Task goal: Write the records out again exactly, leaving no images in.

Top of Material to process

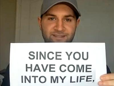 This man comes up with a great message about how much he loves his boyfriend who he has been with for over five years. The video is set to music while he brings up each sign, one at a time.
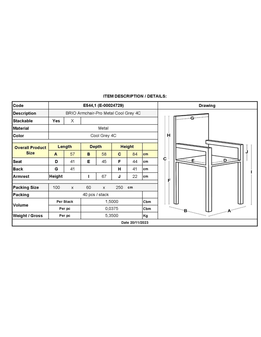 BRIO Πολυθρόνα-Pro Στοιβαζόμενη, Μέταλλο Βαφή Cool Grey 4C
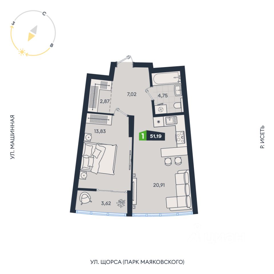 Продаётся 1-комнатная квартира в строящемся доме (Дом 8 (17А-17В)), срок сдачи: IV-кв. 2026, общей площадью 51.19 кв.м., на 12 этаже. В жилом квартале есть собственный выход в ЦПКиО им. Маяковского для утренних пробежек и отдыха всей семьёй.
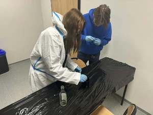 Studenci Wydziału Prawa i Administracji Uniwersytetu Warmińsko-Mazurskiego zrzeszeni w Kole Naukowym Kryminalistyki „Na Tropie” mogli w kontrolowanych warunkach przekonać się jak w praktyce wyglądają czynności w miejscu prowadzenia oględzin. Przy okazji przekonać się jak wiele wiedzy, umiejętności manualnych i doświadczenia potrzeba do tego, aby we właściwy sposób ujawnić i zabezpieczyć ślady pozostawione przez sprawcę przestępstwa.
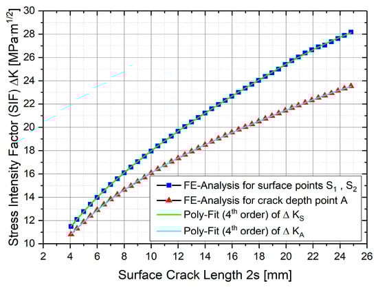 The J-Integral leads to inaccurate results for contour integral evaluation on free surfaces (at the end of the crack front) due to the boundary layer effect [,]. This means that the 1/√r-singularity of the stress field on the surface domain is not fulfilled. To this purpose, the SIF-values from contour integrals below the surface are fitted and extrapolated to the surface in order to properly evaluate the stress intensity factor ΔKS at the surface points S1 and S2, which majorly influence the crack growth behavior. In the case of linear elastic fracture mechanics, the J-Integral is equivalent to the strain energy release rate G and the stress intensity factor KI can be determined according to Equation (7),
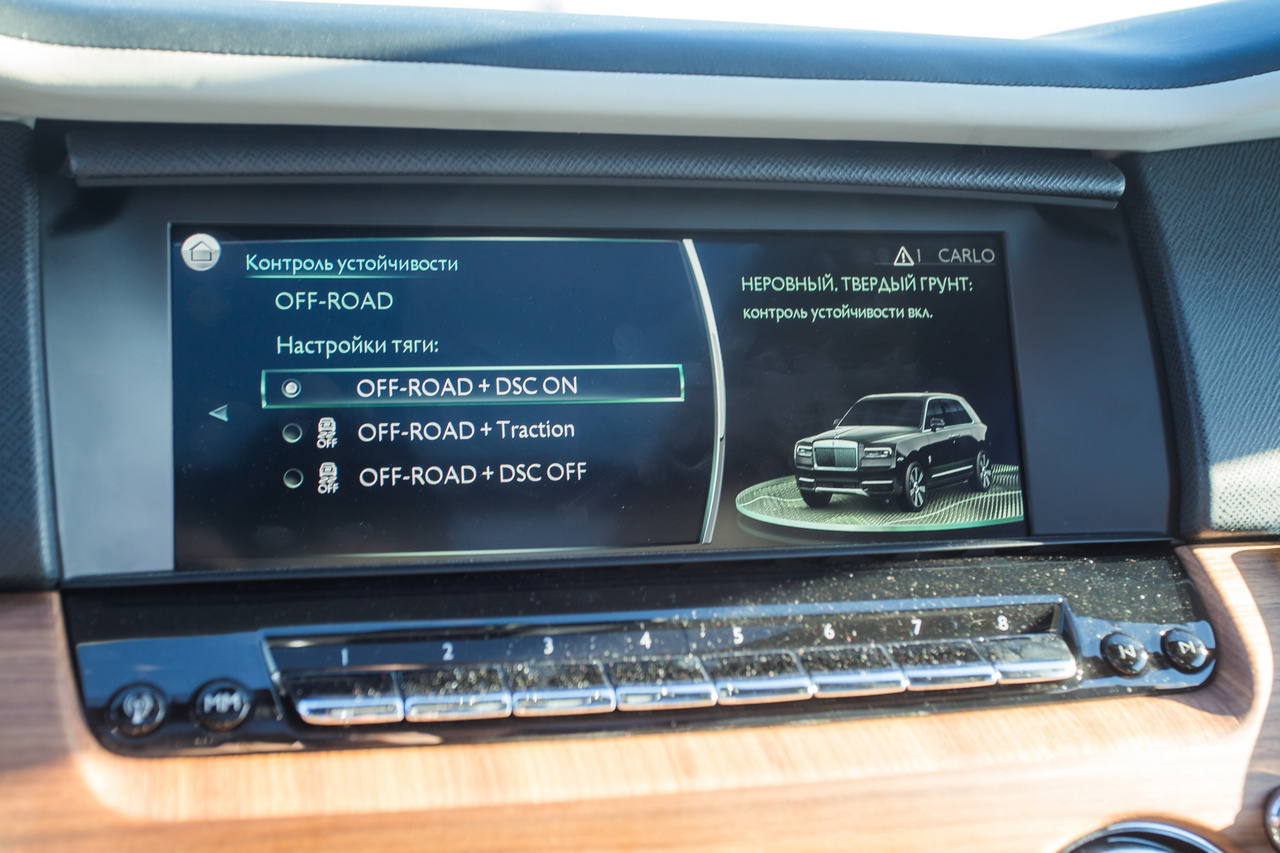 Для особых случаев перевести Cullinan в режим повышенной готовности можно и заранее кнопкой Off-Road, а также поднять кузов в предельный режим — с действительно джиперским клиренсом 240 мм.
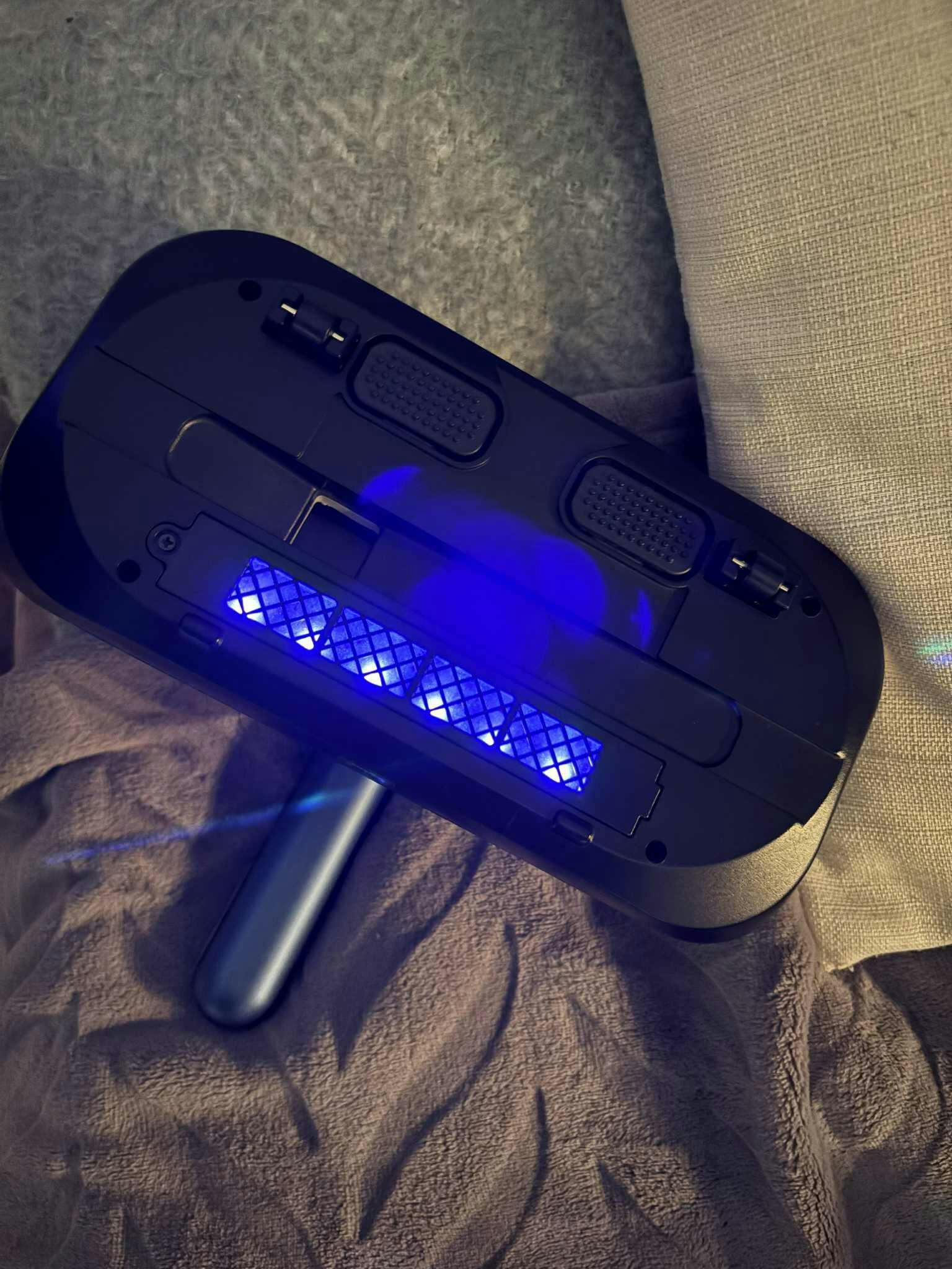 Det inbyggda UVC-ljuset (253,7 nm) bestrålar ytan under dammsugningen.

Bottom of Material to process

Solution to the problem:
 This man comes up with a great message about how much he loves his boyfriend who he has been with for over five years. The video is set to music while he brings up each sign, one at a time.
 BRIO Πολυθρόνα-Pro Στοιβαζόμενη, Μέταλλο Βαφή Cool Grey 4C
 Продаётся 1-комнатная квартира в строящемся доме (Дом 8 (17А-17В)), срок сдачи: IV-кв. 2026, общей площадью 51.19 кв.м., на 12 этаже. В жилом квартале есть собственный выход в ЦПКиО им. Маяковского для утренних пробежек и отдыха всей семьёй.
 Studenci Wydziału Prawa i Administracji Uniwersytetu Warmińsko-Mazurskiego zrzeszeni w Kole Naukowym Kryminalistyki „Na Tropie” mogli w kontrolowanych warunkach przekonać się jak w praktyce wyglądają czynności w miejscu prowadzenia oględzin. Przy okazji przekonać się jak wiele wiedzy, umiejętności manualnych i doświadczenia potrzeba do tego, aby we właściwy sposób ujawnić i zabezpieczyć ślady pozostawione przez sprawcę przestępstwa.
 The J-Integral leads to inaccurate results for contour integral evaluation on free surfaces (at the end of the crack front) due to the boundary layer effect [,]. This means that the 1/√r-singularity of the stress field on the surface domain is not fulfilled. To this purpose, the SIF-values from contour integrals below the surface are fitted and extrapolated to the surface in order to properly evaluate the stress intensity factor ΔKS at the surface points S1 and S2, which majorly influence the crack growth behavior. In the case of linear elastic fracture mechanics, the J-Integral is equivalent to the strain energy release rate G and the stress intensity factor KI can be determined according to Equation (7),
 Для особых случаев перевести Cullinan в режим повышенной готовности можно и заранее кнопкой Off-Road, а также поднять кузов в предельный режим — с действительно джиперским клиренсом 240 мм.
 Det inbyggda UVC-ljuset (253,7 nm) bestrålar ytan under dammsugningen.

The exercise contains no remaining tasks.